(What you need to do): Below, find the line containing "3-dijelni vrtni blagovaonski" and the line containing "Women Fashion Tie"; reproduce exactly those two and every line between them, omitting pictures.

(Records to process):
**********

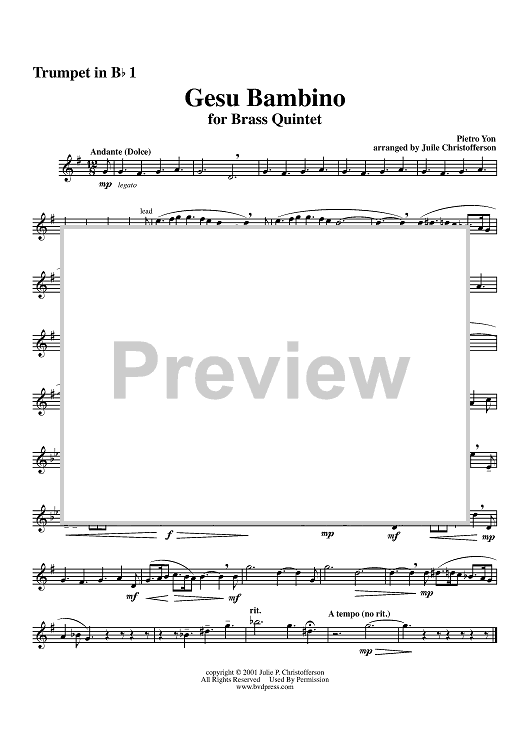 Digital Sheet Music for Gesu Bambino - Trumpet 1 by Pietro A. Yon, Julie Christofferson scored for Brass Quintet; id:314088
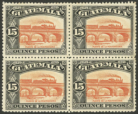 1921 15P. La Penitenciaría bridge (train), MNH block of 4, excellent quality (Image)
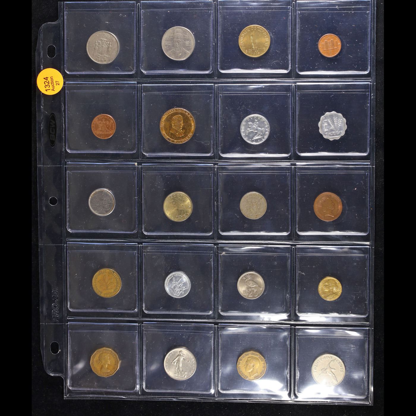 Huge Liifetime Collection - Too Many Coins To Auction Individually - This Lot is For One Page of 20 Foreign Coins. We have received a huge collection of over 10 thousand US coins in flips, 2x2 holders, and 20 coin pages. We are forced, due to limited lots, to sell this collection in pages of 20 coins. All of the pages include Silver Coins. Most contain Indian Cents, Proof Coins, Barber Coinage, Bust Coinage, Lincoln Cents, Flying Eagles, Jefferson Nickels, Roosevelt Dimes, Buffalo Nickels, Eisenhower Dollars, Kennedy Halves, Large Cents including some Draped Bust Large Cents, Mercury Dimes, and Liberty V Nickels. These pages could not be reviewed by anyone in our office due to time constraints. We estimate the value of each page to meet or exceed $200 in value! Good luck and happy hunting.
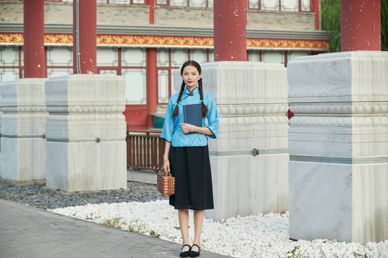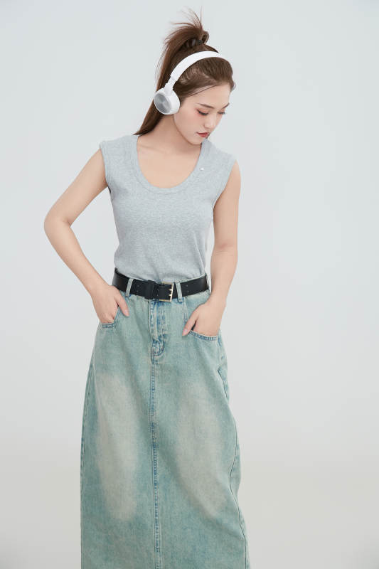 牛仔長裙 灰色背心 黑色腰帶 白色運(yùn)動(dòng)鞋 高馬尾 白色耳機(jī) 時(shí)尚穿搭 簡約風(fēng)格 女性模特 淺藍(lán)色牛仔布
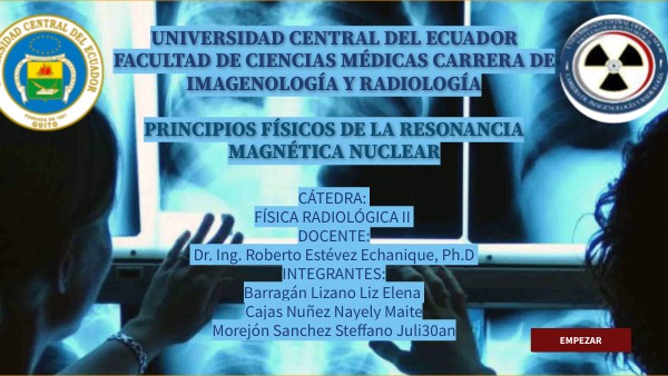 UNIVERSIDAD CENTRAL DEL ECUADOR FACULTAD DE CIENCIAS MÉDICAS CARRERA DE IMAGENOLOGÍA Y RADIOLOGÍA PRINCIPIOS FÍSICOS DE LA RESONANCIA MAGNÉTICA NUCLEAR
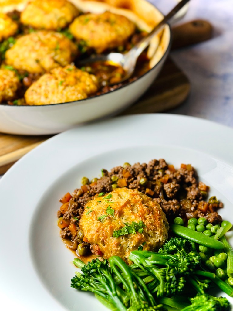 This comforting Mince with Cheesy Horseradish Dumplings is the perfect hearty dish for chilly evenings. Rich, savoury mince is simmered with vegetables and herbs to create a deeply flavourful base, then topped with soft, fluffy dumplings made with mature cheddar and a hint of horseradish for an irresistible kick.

**********

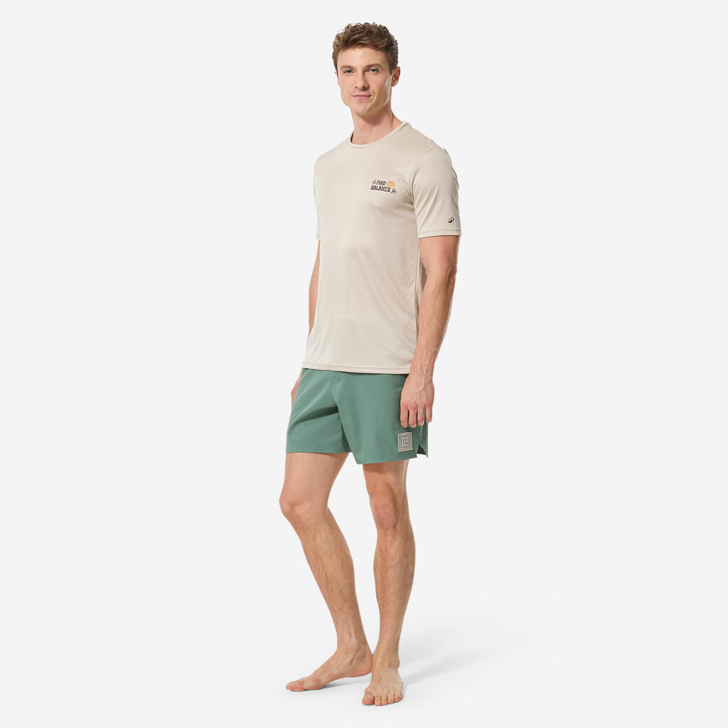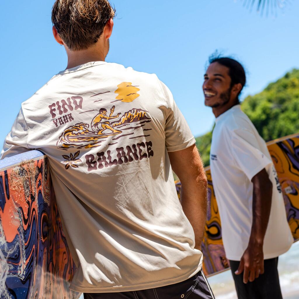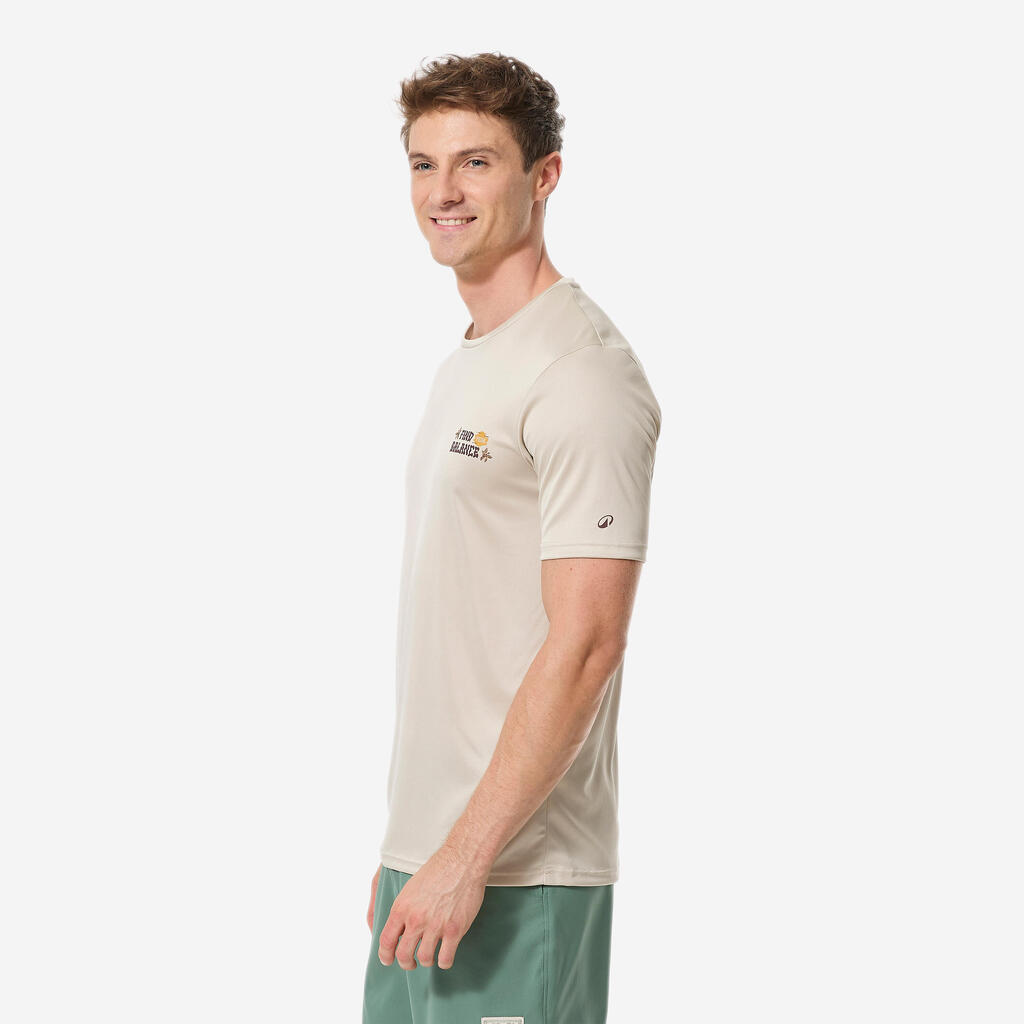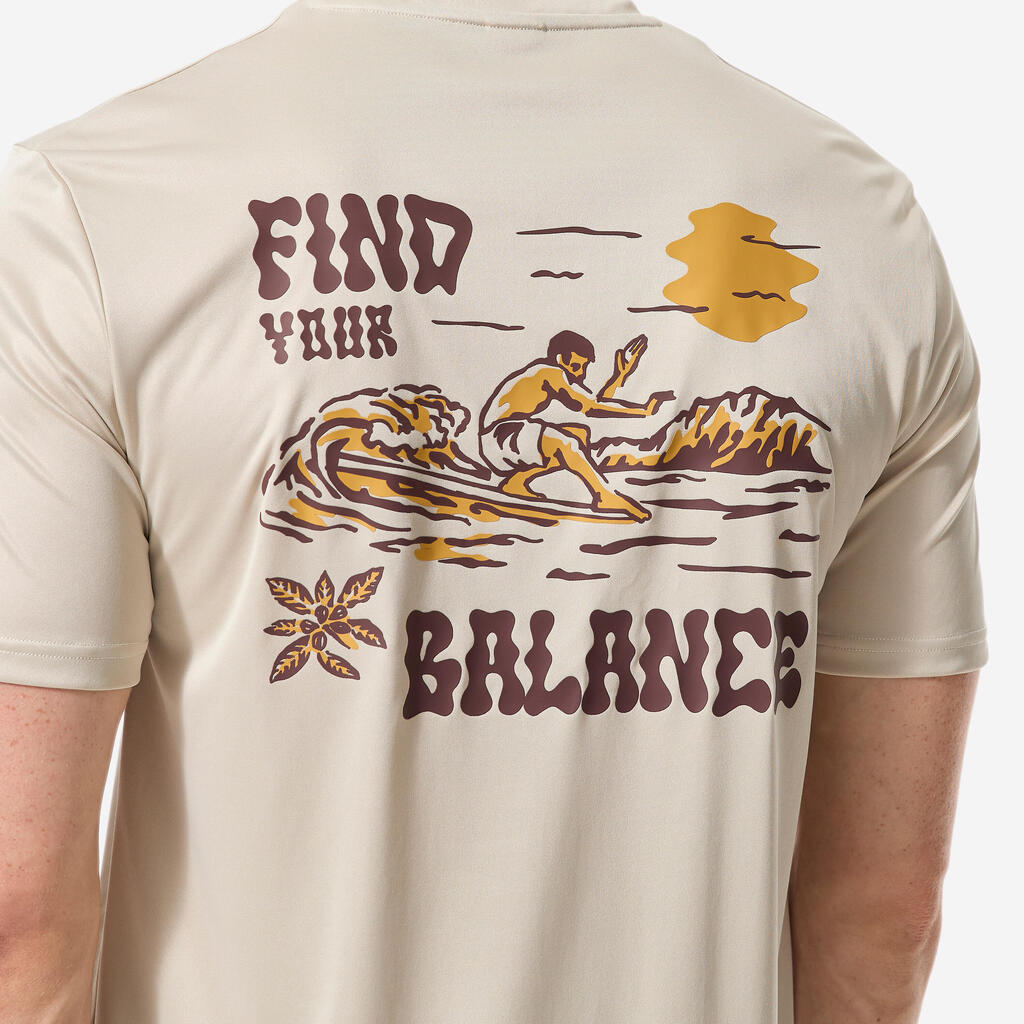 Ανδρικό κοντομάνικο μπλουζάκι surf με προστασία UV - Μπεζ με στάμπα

**********

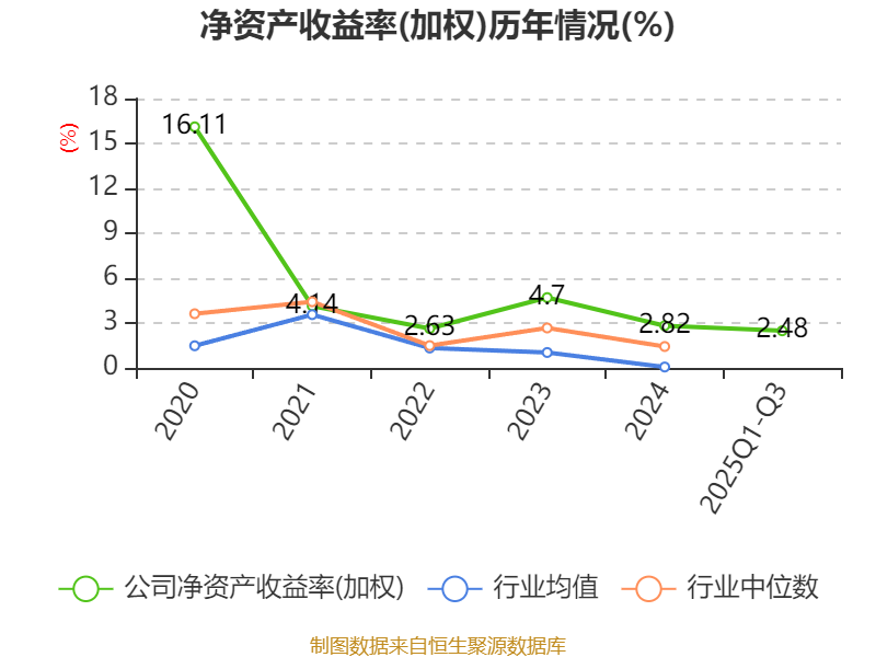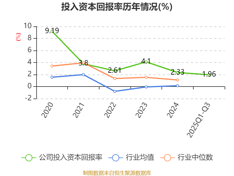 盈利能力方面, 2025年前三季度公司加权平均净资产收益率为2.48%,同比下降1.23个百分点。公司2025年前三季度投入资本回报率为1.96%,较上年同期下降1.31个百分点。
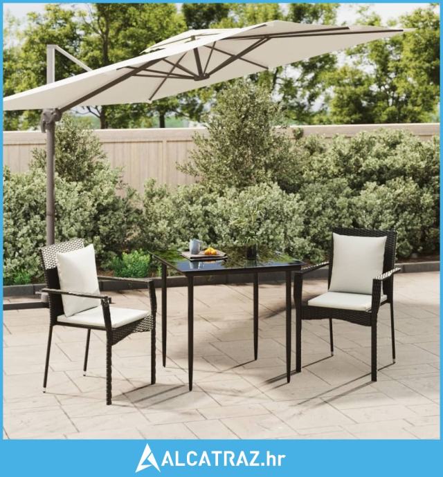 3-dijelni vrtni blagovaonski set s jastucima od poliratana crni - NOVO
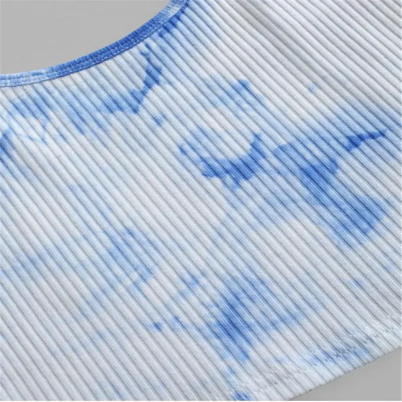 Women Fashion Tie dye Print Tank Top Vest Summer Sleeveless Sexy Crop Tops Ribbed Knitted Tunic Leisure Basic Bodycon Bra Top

**********

(Reply):
 3-dijelni vrtni blagovaonski set s jastucima od poliratana crni - NOVO
 Women Fashion Tie dye Print Tank Top Vest Summer Sleeveless Sexy Crop Tops Ribbed Knitted Tunic Leisure Basic Bodycon Bra Top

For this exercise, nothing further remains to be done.